茂みの目の前に来た時、突如足元に矢が突き刺さった。オアツラエはランタンの遮光版を全開にして前方を照らす。
「くそ、あの護衛達か、一体あそこで何をしているんだ!」
「黒服達を連れて来るべきでした、明らかに近づけさせまいとしていますね」
オアツラエ達と、護衛達のにらみ合いが、しばらく続いた。
緊張がピークに達する頃、突如護衛達から歓声が上がった。驚いてよく見ると、茂みの奥から男女のペアが歩み出てきた。

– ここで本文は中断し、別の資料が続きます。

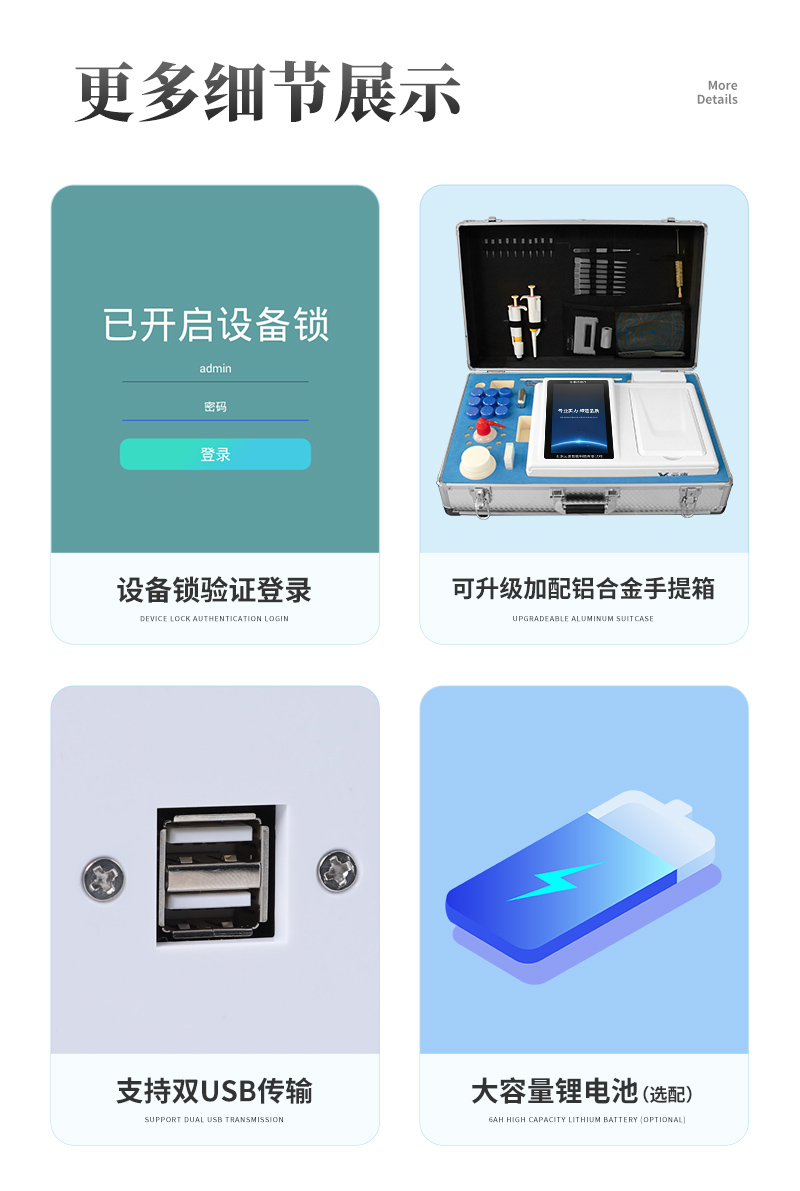 | 儀器采用臺式一體化系統(tǒng)檢測技術(shù),將分光光度模塊、新型農(nóng)殘檢測模塊、數(shù)字化管理模塊、無線通訊模塊高度集成于一體,支持檢測200種食品安全檢測項(xiàng)目,同時預(yù)留升級檢測方法。 | 儀器檢測模塊標(biāo)準(zhǔn)化、智能化,可隨意自由組合。檢測箱體內(nèi)置多個標(biāo)準(zhǔn)檢測單元,檢測模塊可以調(diào)整配置。 | 儀器采用全新安卓智能系統(tǒng),主控芯片采用 ARM Cortex-A7,RK3288/4核處理器,10.1寸高清液晶觸摸豎屏,更加**的UI交互界面,運(yùn)轉(zhuǎn)快捷;儀器配備無線通信模塊: 4G(APN)通訊模塊、Wifi模塊,藍(lán)牙傳輸,同時具有雙USB接口以及RJ45接口能以多種方式實(shí)現(xiàn)數(shù)據(jù)保存和數(shù)據(jù)傳輸功能。 | 創(chuàng)新檢測模式: | ★檢測通道:≥12通道;采用精密旋轉(zhuǎn)比色池設(shè)計(jì),使用同芯片同光源校準(zhǔn)精度,解決不同光源之間的誤差值。1-12通道間誤差0.1%。(**號:ZL202022821055.2) | ★儀器具有自動識別比色皿檢測功能,即:將樣品比色皿放入儀器后,點(diǎn)擊樣品檢測,儀器自動識別比色皿進(jìn)行通道檢測。 | 進(jìn)口高精光源: | 高精度進(jìn)口四波長冷光源,通道配置 410、520、590、630nm 波長光源,一個光源芯片驅(qū)動一個光源,誤差極小,每臺設(shè)備單獨(dú)**校準(zhǔn)光源,**比對,同時參照四種不同波段光源全方位覆蓋市面上99%的農(nóng)殘食品項(xiàng)目檢測。 | 智能化操作系統(tǒng): | 便捷操作系統(tǒng):設(shè)備檢測時可在同一檢測界面自動對應(yīng)相關(guān)檢測通道一次性選擇1-12個樣品名稱,無須退出界面,節(jié)省操作時間。 | 數(shù)據(jù)集成系統(tǒng):設(shè)備首頁自動統(tǒng)計(jì)檢測數(shù)據(jù)包含:周檢測數(shù)據(jù)、月檢測數(shù)據(jù),全部檢測總數(shù)量,均包含檢測總數(shù),合格數(shù),不合格數(shù),以及相關(guān)柱形分析圖,對各項(xiàng)檢測數(shù)據(jù)清晰掌握,無需電腦查詢,更加快捷直觀。 | 項(xiàng)目預(yù)設(shè)系統(tǒng):支持添加單個及多個相同或不相同的任務(wù)預(yù)設(shè),一鍵快速調(diào)取,每一個任務(wù)分別可以設(shè)置不同的樣品、批次、編號、來源、備注、抽樣信息、檢測信息、受檢信息、復(fù)核信息等更多信息。無縫鏈接平臺和APP實(shí)時查看下發(fā)任務(wù)。 | 數(shù)據(jù)監(jiān)管系統(tǒng):同步對接監(jiān)管平臺,數(shù)據(jù)可局域網(wǎng)和互聯(lián)網(wǎng)數(shù)據(jù)上傳,檢測結(jié)果可選擇直接傳至食品安全監(jiān)管平臺。集成OSS輸出存儲服務(wù)、區(qū)分設(shè)備定向管理應(yīng)用,進(jìn)行區(qū)域食品安全監(jiān)管及大數(shù)據(jù)分析處理與數(shù)據(jù)統(tǒng)計(jì),檢測區(qū)域食品安全長短期動態(tài),達(dá)到食品安全問題預(yù)估、預(yù)警。 | 自定義打印系統(tǒng):內(nèi)置全新打印系統(tǒng),新創(chuàng)自定義打印方式,可按需靈活設(shè)置開啟或關(guān)閉:產(chǎn)品合格證(國家農(nóng)業(yè)部標(biāo)準(zhǔn)要求),二維碼,抽樣信息、檢測信息,受檢信息、復(fù)核信息、抽樣日期、檢測日期等信息的打印。 | 系統(tǒng)遠(yuǎn)程更新功能:可定向分客戶分儀器更新系統(tǒng),按照不同客戶后期實(shí)際需求添加項(xiàng)目,無需機(jī)器返廠,即可遠(yuǎn)程實(shí)時升級全新系統(tǒng),節(jié)省時間成本及避免運(yùn)輸造成設(shè)備損壞。 | 儀器主機(jī)采用一體化防水、抗壓、防撞擊、防腐蝕箱體設(shè)計(jì),同時配備交直流供電,可連接車載電源,可選配大容量充電鋰電池,滿足現(xiàn)場野外檢測需求。 | 安全證書,放心保障:儀器具有中國計(jì)量科學(xué)研究院校準(zhǔn)證書,**認(rèn)證。 |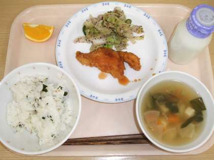 今日の「魚のフライ」には、「ホキ」を使いました。家庭ではあまり使わない種類かもしれませんが、クセのない白身の魚なので、魚が苦手な子でもフライにすると食べやすくなります。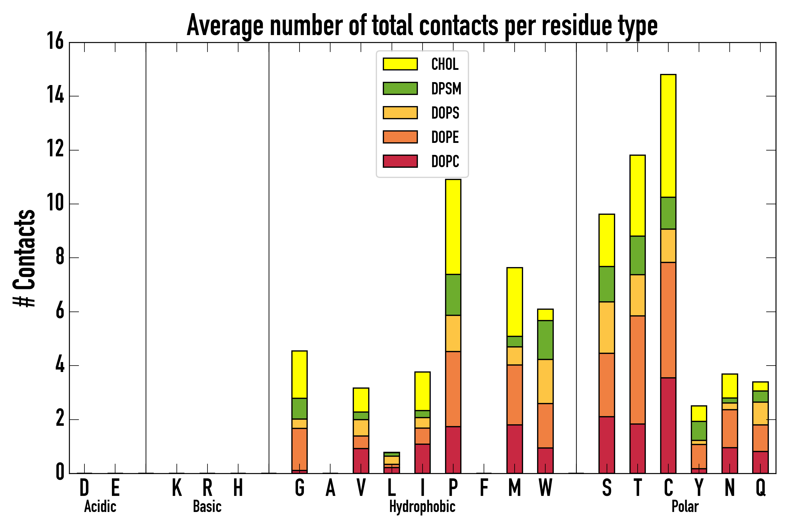 Number of total contacts per residue type: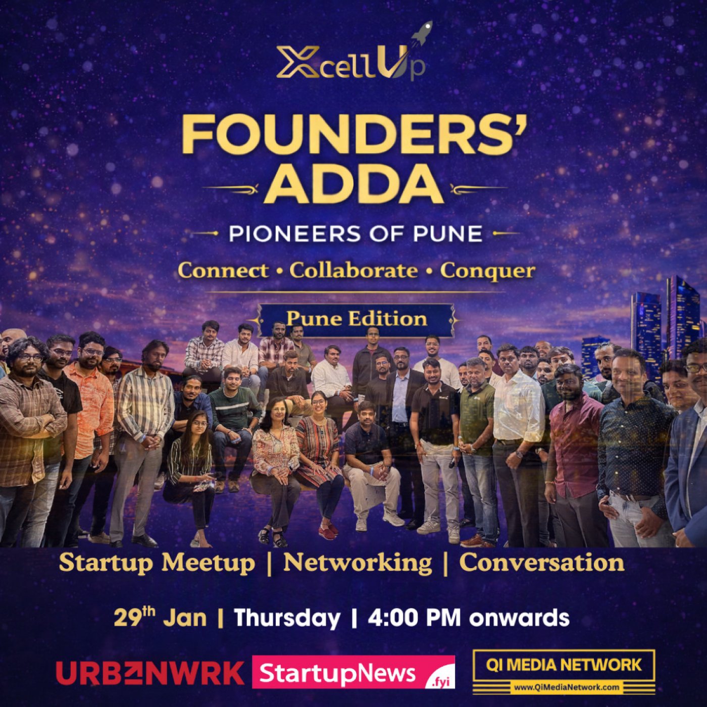 Taking place on 29th January at UrbanWrk CoWorking Space, Pune, this edition of Founders’ Adda is focused on real conversations around growth, execution, and scaling startups in today’s fast-changing environment.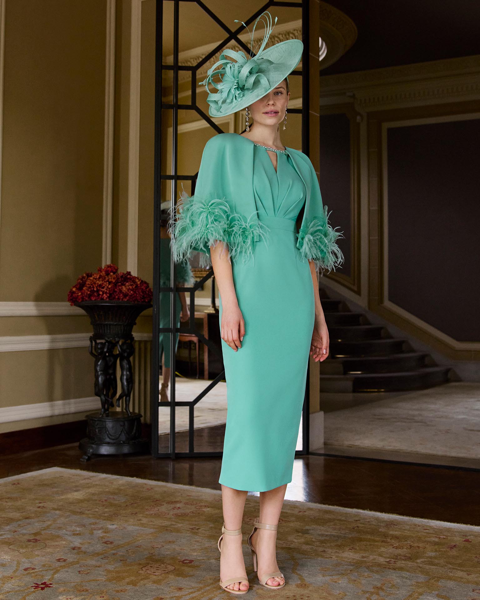 Abito da sera midi, in satin con fiori. Scollo a barca, maniche a mantella, schiena chiusa e piume.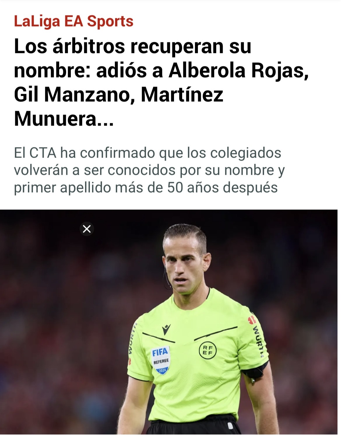Buenos días, amigos. ¡Por fin! Se ha obrado el milagro. Lo que llevamos tanto tiempo reclamando a resultas del escándalo Negreira, es decir, una regeneración total del Comité Técnico de Árbitros, ha tenido lugar al fin.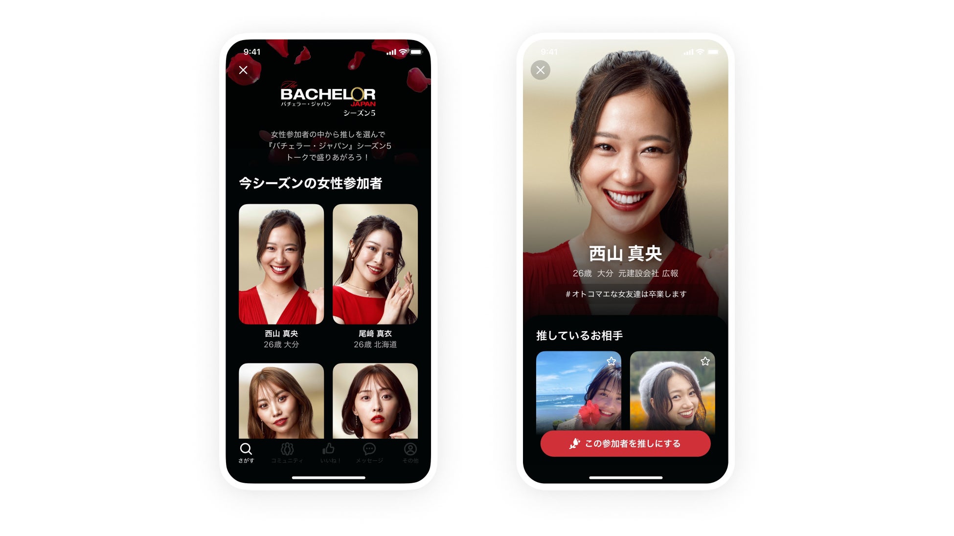 今作に登場する16名の女性から”推し”を決めると、同じ参加者を推すお相手と出会うことができ、『バチェラー・ジャパン』シーズン5の話題で盛り上がれます。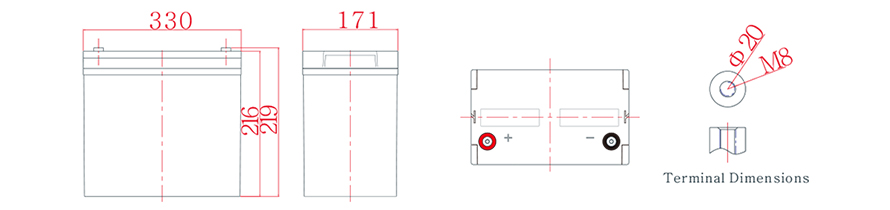 Dimension: 330 (L) x 171 (W) x 216 (H) x 219 (TH) Unité: mm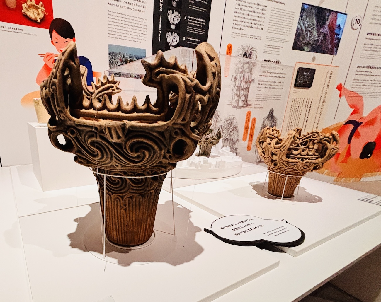 「火焔型土器」は、はるか昔から私たちの身近に「ぐるぐる」があったことを伝えています。こちらは複製のため、触ることができる展示になっていました。ぜひ、触れて「ぐるぐる」をつけたくなる気持ちを感じてくださいね。

浮浪者の男も、赤毛の少女も笑顔だった。男の顔はひっかかれた跡がいくつもあったが満面の笑みだ。少女の方は少し引きつっているがやっぱり笑顔だった。
「「え……なにこれ」」
オアツラエとセイシンは呆然と立ち尽くした。なんなのだこれは、いったい何が起きているのだ。
―――
「なあセイシン、連中の言い分を信じるか?」
「戦争未亡人が、旦那を忘れる為に見知らぬ男を引っ掛けるっていう風習の事ですか? はぁ、信じるわけないでしょう……」
川の下流に張られた野営テントに黒服が入ってきた。
「見てきました。埋められた死体がふたつ、どちらも焼け焦げていました」
「ほう」
「いや、しかし驚きました。あの捜索の夜に、河の東の茂みで見つけた死体と状態がそっくりでしたから」
黒服の隊長は、そう言いながら何かの切れ端をオアツラエに手渡した。
「この入れ墨、バンディットか」
「一部、焦げていない箇所があって気付きました。ただの浮浪者ではないようです」
「オアツラエ殿、どういう事ですか」
「セイシン、アザラ氏の事故は御使い様による不可抗力ではないかもしれないぞ。それどころか、組織的な犯行だった可能性が出てきた」
「街に戻ったら、アザラ家周辺を洗った方良さそうですね」
10月いっぱい仕事ハメが続きそうです。